Usually when aggregating for a table overall, we just omit the GROUP BY
clause altogether.
However, remember that in Implicit Aggregation,
an empty list can be given to specify that the whole table is 1 group.
SELECT
company,
department,
avg(salary) AS average_salary
FROM employees
GROUP BY GROUPING SETS (
(),
(company),
(company, department)
)
ORDER BY company NULLS FIRST, department NULLS FIRST;
company VARCHAR | department VARCHAR | average_salary NUMERIC |
---|---|---|
NULL | NULL | 162578.947368421053 |
Footbook | NULL | 154750.000000000000 |
Footbook | Integration | 157200.000000000000 |
Footbook | Research | 145000.000000000000 |
Footbook | Solutions | 163666.666666666667 |
Poogle | NULL | 186461.538461538462 |
Poogle | Functionality | 187333.333333333333 |
Poogle | Infrastructure | 167000.000000000000 |
Poogle | Marketing | 215000.000000000000 |
Wamazon | NULL | 145923.076923076923 |
Wamazon | Marketing | 145500.000000000000 |
Wamazon | Quality | 146750.000000000000 |
Wamazon | Solutions | 145666.666666666667 |
The row where both company
and department
are NULL
is the row that contains the average salary for that group, all employees for all companies.
By the way, NULL
normally get's sorted last.
Here, we switched it so that NULL
gets sorted first by adding NULLS FIRST
in the ORDER BY
clause.
ROLLUP, CUBE
There are specific GROUPING SETS
patterns which are common, like the one in the last query.

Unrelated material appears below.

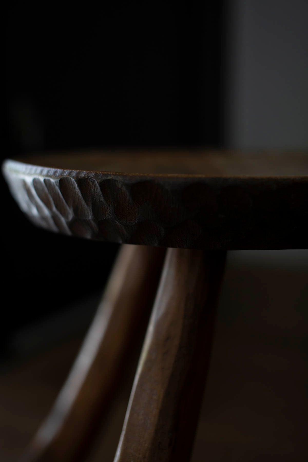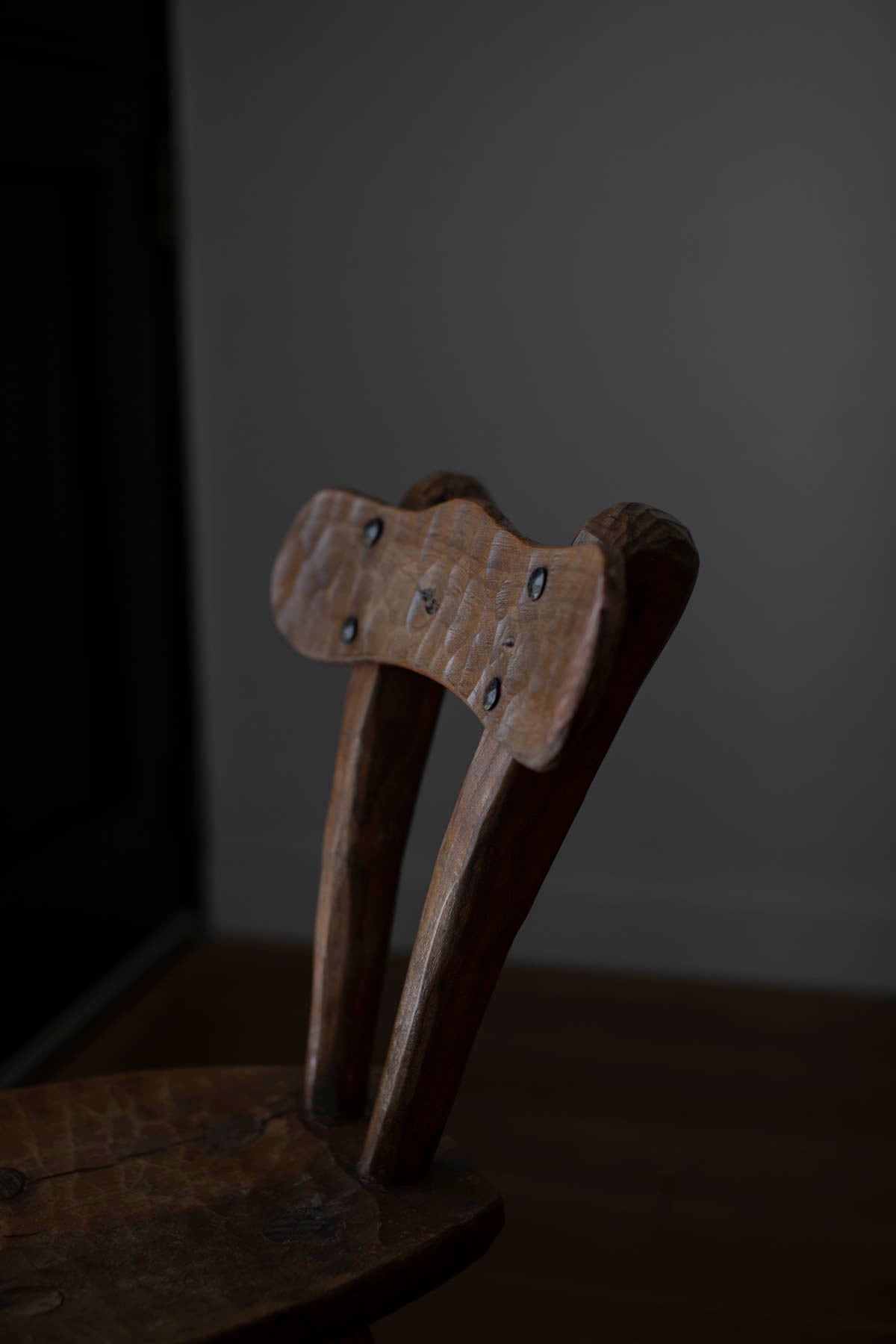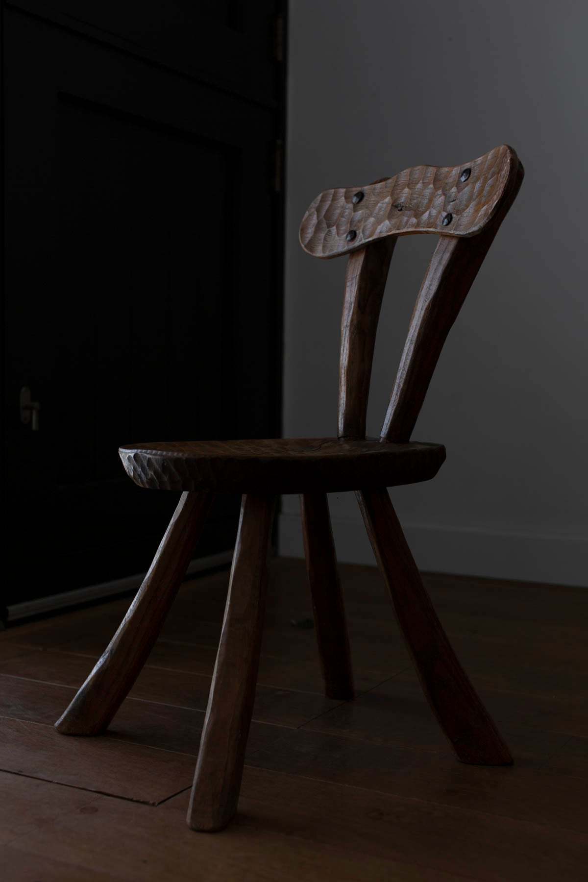 French brutalist carved oak chairs often feature bold, geometric shapes and intricate, hand-carved details. The natural grain and texture of the oak is often left unvarnished, giving the chairs a rugged, organic feel. Some designs also incorporate other materials such as leather or woven textiles to add contrast and texture.

This query would be equivalent:
SELECT
company,
department,
avg(salary) AS average_salary
FROM employees
GROUP BY ROLLUP(company, department)
ORDER BY company NULLS FIRST, department NULLS FIRST;
company VARCHAR | department VARCHAR | average_salary NUMERIC |
---|---|---|
NULL | NULL | 162578.947368421053 |
Footbook | NULL | 154750.000000000000 |
Footbook | Integration | 157200.000000000000 |
Footbook | Research | 145000.000000000000 |
Footbook | Solutions | 163666.666666666667 |
Poogle | NULL | 186461.538461538462 |
Poogle | Functionality | 187333.333333333333 |
Poogle | Infrastructure | 167000.000000000000 |
Poogle | Marketing | 215000.000000000000 |
Wamazon | NULL | 145923.076923076923 |
Wamazon | Marketing | 145500.000000000000 |
Wamazon | Quality | 146750.000000000000 |
Wamazon | Solutions | 145666.666666666667 |
The GROUP BY ROLLUP(company, department)
is equivalent to the following:
GROUP BY GROUPING SETS (
(),
(company),
(company, department)
)
There is another shortcut CUBE
.
The clause GROUP BY CUBE(company, department)
is equivalent to:
GROUP BY GROUPING SETS (
(),
(company),
(department),
(company, department)
)
CUBE
takes all the possible subsets of the set of columns, also known as a Power Set.